Saandram (സാന്ദ്രം, Lit. Dense) is a 1990 Indian Malayalam psychological thriller film, directed by Thaha and produced by Thaha and Ashokan. The film stars Suresh Gopi, Parvathy, Innocent and Captain Raju in the lead roles. The film has musical score by Johnson.

Plot
The Poulose family which comes to Ooty on vacation, befriends a newly married couple Sreeraman(Suresh Gopi) and Indulekha(Parvathy) on their honeymoon staying next door. The couple looks happy on the outside, but the wife has problems underneath the surface.
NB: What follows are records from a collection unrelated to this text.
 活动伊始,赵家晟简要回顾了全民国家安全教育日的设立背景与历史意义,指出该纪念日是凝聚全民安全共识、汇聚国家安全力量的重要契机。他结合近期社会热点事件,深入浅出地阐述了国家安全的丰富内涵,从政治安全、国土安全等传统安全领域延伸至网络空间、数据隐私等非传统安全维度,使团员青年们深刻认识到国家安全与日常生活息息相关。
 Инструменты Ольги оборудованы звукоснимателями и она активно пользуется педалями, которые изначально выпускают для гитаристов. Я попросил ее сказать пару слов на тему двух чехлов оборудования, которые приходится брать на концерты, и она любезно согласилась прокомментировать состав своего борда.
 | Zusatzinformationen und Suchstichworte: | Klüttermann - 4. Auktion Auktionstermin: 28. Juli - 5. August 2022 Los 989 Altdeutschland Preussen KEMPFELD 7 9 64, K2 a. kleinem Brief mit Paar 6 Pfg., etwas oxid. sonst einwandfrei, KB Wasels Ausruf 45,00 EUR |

When the local Circle Inspector(Captain Raju) makes a visit, it is revealed that a psychopath Unni(Sai Kumar) is after Indulekha's life. Unni was Indulekha's ex-lover who had been comatose for over a year and a half after a fatal accident with no hope of recovery. Her parents had forced her to a reluctant marriage with Sreeraman. But Unni made a miraculous recovery afterwards but with a mental imbalance which leaves him with no sense of time. He is deluded into thinking that he was hospitalised only for a few days and Indu had married betraying him, even that his accident was her doing. As such he is after her life now.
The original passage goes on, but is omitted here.